The Benefits of the DAG representation are:

  • Understandability

  • Simplicity of implementation

  • Low installation overhead

  • Great extendability

  • Great for structure learning

  • Great for teaching

The drawbacks are:

  • Python implementations are usually slow

  • Rustowrkx does not benefit from SMID instruction like jax would

  • No benefit from modern hardware acceleration

The Layered way#

Modern literature suggests representing circuits in a way that is compatible with modern hardware acceleration. [LAB24], [PLV+20].

Doing so requires a topological sorting of the circuit. In that topological sorting, each layer represents a set of nodes at the same depth (distance to the root) that can be computed in parallel. These nodes have to be of the same type, such that their operations (weighted sum, product, density, etc.) can be computed in parallel. The example from above would look as following:

jax_model = JaxPC.from_nx(model, progress_bar=False)
print(jax_model.root)
/home/docs/checkouts/readthedocs.org/user_builds/probabilistic-model/envs/latest/lib/python3.11/site-packages/probabilistic_model/probabilistic_circuit/jax/uniform_layer.py:60: UserWarning:

A JAX array is being set as static! This can result in unexpected behavior and is usually a mistake to do.
SparseSumLayer(
  _variables=i32[2],
  child_layers=[
    ProductLayer(
      _variables=i32[2],
      child_layers=[
        SparseSumLayer(
          _variables=i32[1],
          child_layers=[UniformLayer(_variables=i32[1], interval=f32[2,2])],
          log_weights=[BCOO(float32[2, 2], nse=4)]
        ),
        SparseSumLayer(
          _variables=i32[1],
          child_layers=[UniformLayer(_variables=i32[1], interval=f32[2,2])],
          log_weights=[BCOO(float32[2, 2], nse=4)]
        )
      ],
      edges=BCOO(int32[2, 2], nse=4)
    )
  ],
  log_weights=[BCOO(float32[1, 2], nse=2)]
)
/home/docs/checkouts/readthedocs.org/user_builds/probabilistic-model/envs/latest/lib/python3.11/site-packages/probabilistic_model/probabilistic_circuit/jax/inner_layer.py:670: UserWarning:

A JAX array is being set as static! This can result in unexpected behavior and is usually a mistake to do.

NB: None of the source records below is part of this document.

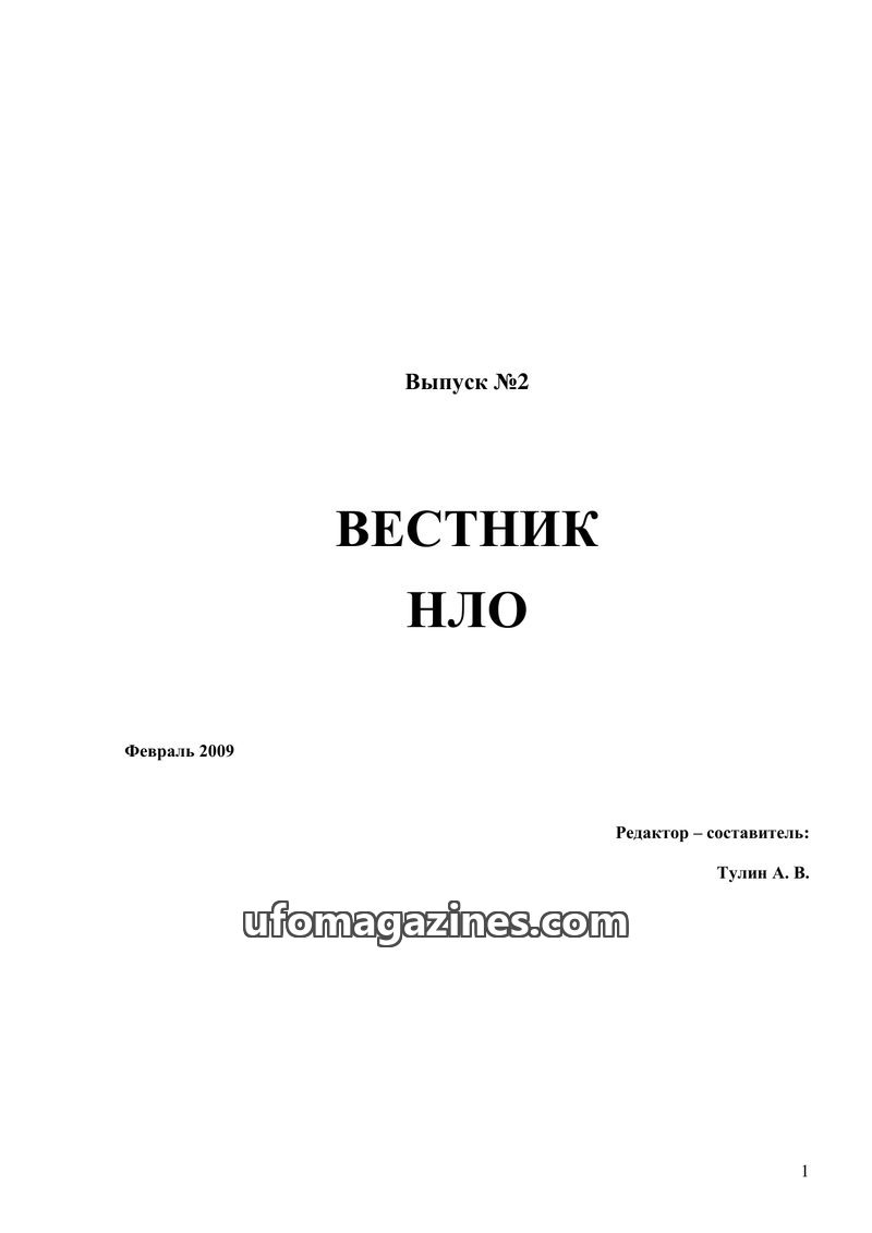 This issue of 'Vestnik NLO' (Herald of UFOs) from February 2009, edited by A. V. Tulin, presents several articles on UFO phenomena and related topics. It includes discussions on hy
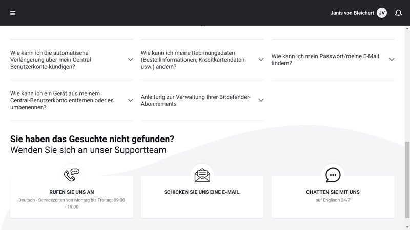 Direkten Support gibt es im Bitdefender Central-Portal: Hier punktet Bitdefender mit unterschiedlichen Kontaktwegen: Telefon, Chat und E-Mail. Die Telefone sind montags bis freitags von 9 bis 19 Uhr besetzt. Wir warteten nur zwei Minuten, bis ein Mitarbeiter frei war. Im Chat sprachen wir an einem Sonntagabend bereits nach wenigen Sekunden mit jemandem. Auch auf unsere E-Mail reagierte Bitdefender noch am selben Tag.
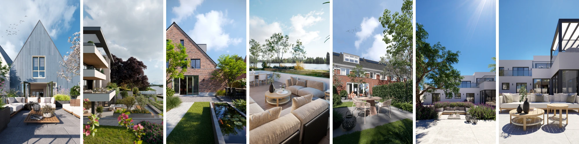 - Creëer emotie en beleving: Door buitenruimtes visueel in te vullen, laten we zien hoe een woning echt tot leven komt. Zo zien toekomstige bewoners zichzelf al zitten op zonnige dagen en lange zomeravonden.
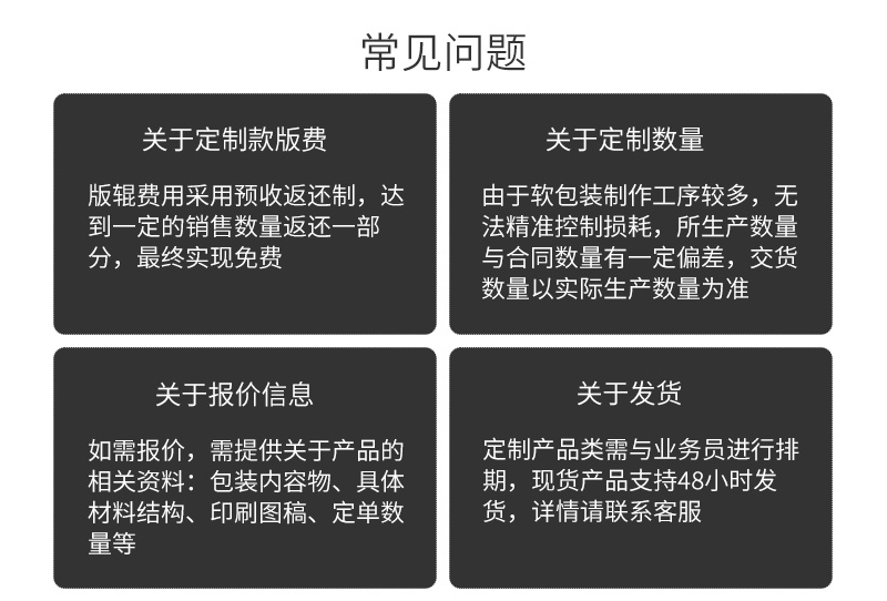 只要用了我們的包裝,不管是包裝膜的問題還是包裝機(jī)的問題,都是我們的問題!只要有質(zhì)量問題,馬上召回,不管有多遠(yuǎn)!
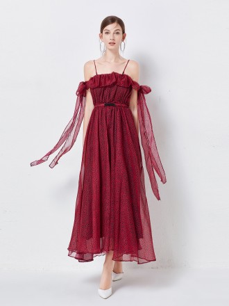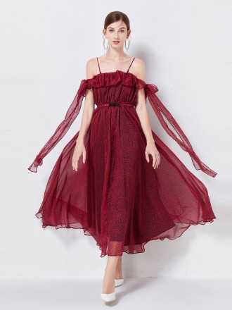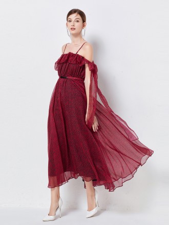 Dress Wholesale Printing lace dress with elegant chiffon two -piece medium -long skirt, foreign styl...
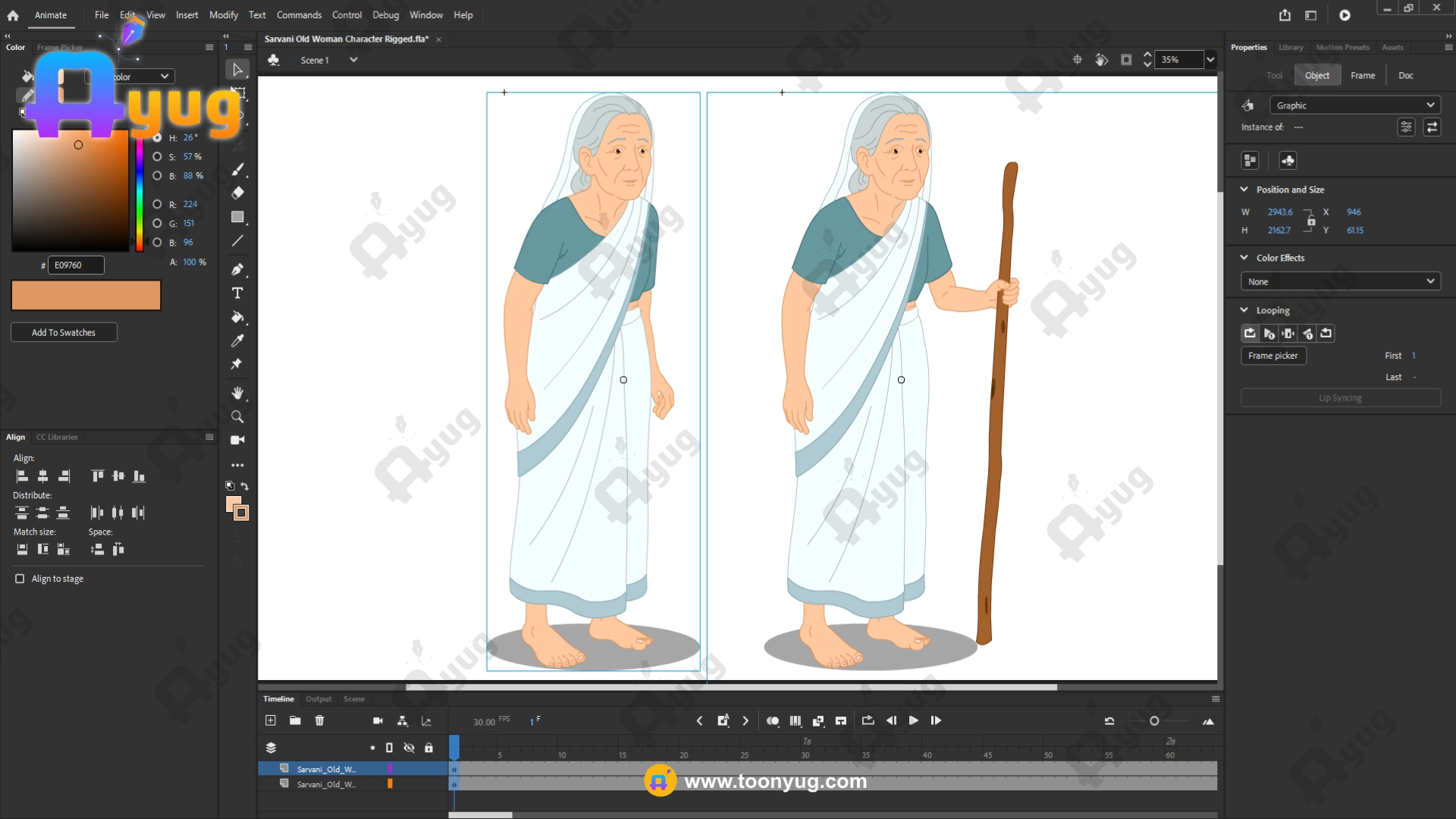 Stick Rig: The hand is attached to the stick on a separate layer/symbol, making it easy to animate the “walking with support” cycle.

The way a layered pc is structured is shown in the figure below.

Grouped operations in a layered circuit

We can see that similar operations have been grouped together. Now they can be executed using a jax backend instead of a for loop in python. The Benefits of the layered representation are:

  • Speed

  • Compatible with modern frameworks for machine learning frameworks

  • Compatible with modern hardware acceleration

  • Most likely the future of probabilistic circuits

The drawbacks are:

  • Harder to understand

  • Harder to maintain

  • Requires quite the overhead to install

JAX Implementation#

As of today, the layered approach is implemented in jax and supports all inferences that do not change the structure of the circuit. These are all but marginalization and conditioning/truncation.

The JAX implementation uses equinox to aid with an OOP approach to the circuit. It uses sparse matrices to represent edges between the layers and hence does not suffer from extreme memory consumption like EinsumNetworks.

JAX layered circuits are approximately 20 times faster than the rustworkx implementation in calculating the log-likelihood, and hence are a great tool for doing deep learning with circuits. For the speed-up to kick in, the JAX computational graph that describes the circuit has to be compiled. This is expensive, so don’t do it more than needed. However, for a fixed circuit, the speed-up is immense.

In the scripts folder, you can reproduce these results.

Be aware that the JAX implementation is still in development and might not be as stable as the networkx implementation. I would be happy to get support here if someone is interested in it.

JAX and networkx formats can be converted into each other.